#### [BRIEF]
Please quote exactly the lines below from the line containing "5.4畳 、 洋室 7.5畳 |" to the line containing "по размеру терраса.", both lines included, and nothing else.

#### [DATASET EXTRACT]
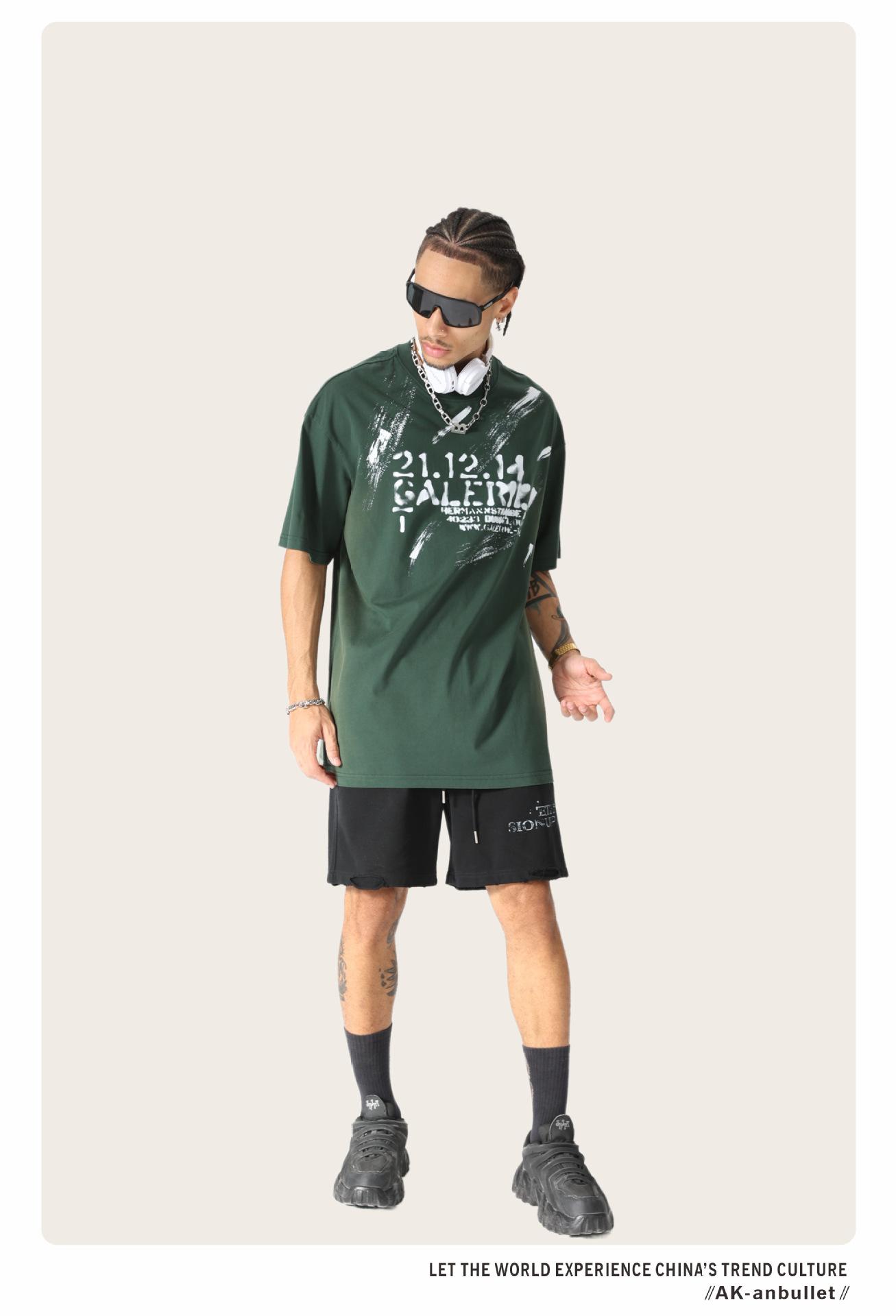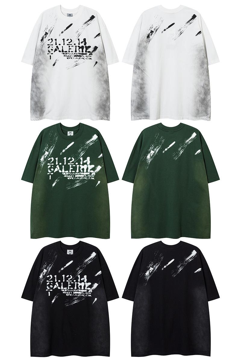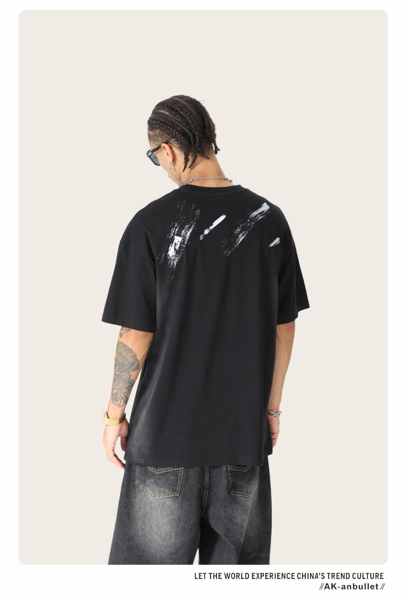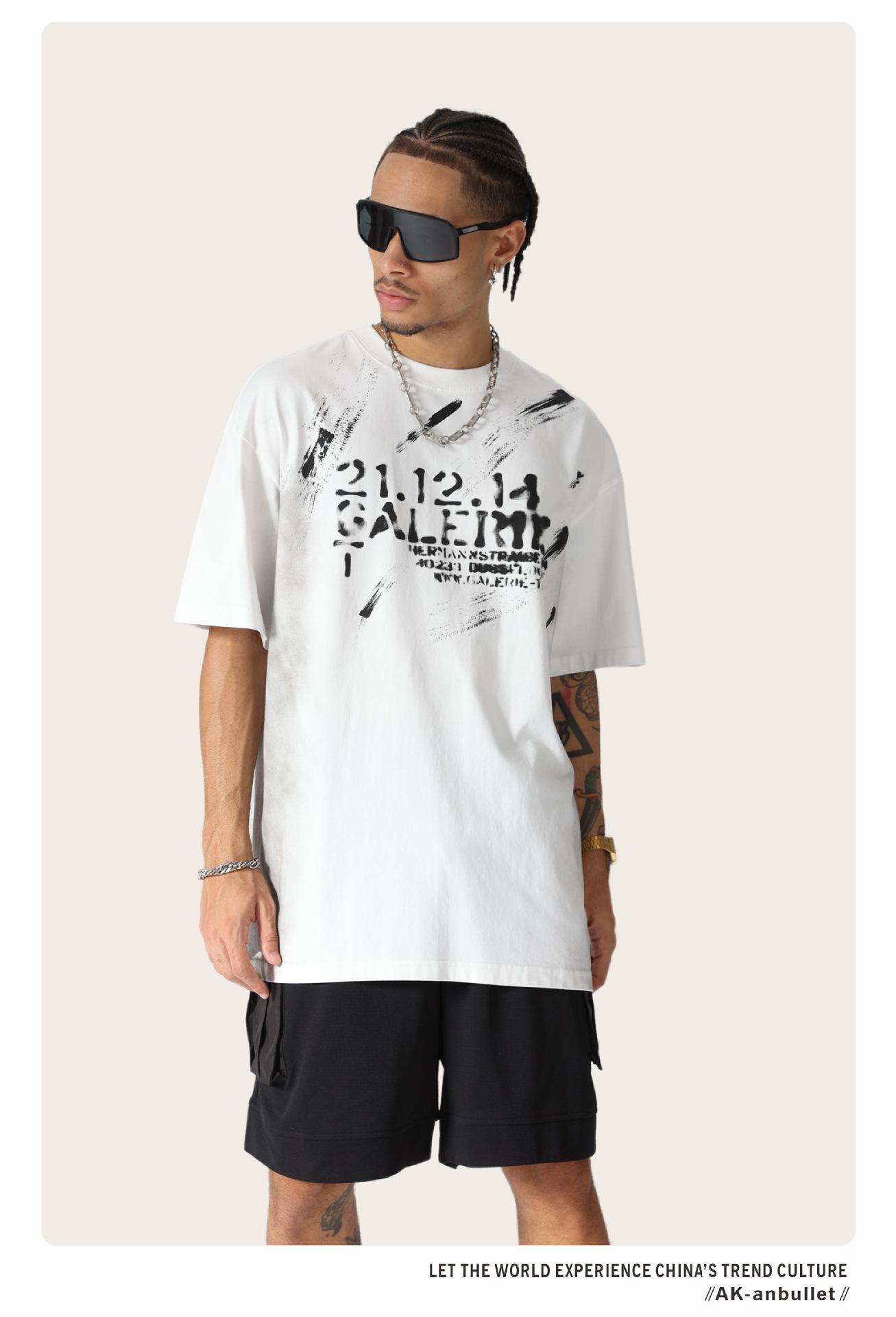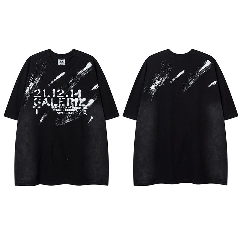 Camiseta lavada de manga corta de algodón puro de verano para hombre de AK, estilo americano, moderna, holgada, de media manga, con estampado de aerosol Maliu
==
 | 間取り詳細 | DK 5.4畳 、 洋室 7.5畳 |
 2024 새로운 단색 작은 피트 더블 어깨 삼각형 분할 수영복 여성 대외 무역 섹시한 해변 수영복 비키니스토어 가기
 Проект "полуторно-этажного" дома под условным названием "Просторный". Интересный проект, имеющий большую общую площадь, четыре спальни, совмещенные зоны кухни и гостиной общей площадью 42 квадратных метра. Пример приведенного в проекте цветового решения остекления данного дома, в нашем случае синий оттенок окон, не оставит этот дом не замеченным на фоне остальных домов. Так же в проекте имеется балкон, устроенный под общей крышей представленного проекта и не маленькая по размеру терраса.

#### [ANSWER AREA]
 | 間取り詳細 | DK 5.4畳 、 洋室 7.5畳 |
 2024 새로운 단색 작은 피트 더블 어깨 삼각형 분할 수영복 여성 대외 무역 섹시한 해변 수영복 비키니스토어 가기
 Проект "полуторно-этажного" дома под условным названием "Просторный". Интересный проект, имеющий большую общую площадь, четыре спальни, совмещенные зоны кухни и гостиной общей площадью 42 квадратных метра. Пример приведенного в проекте цветового решения остекления данного дома, в нашем случае синий оттенок окон, не оставит этот дом не замеченным на фоне остальных домов. Так же в проекте имеется балкон, устроенный под общей крышей представленного проекта и не маленькая по размеру терраса.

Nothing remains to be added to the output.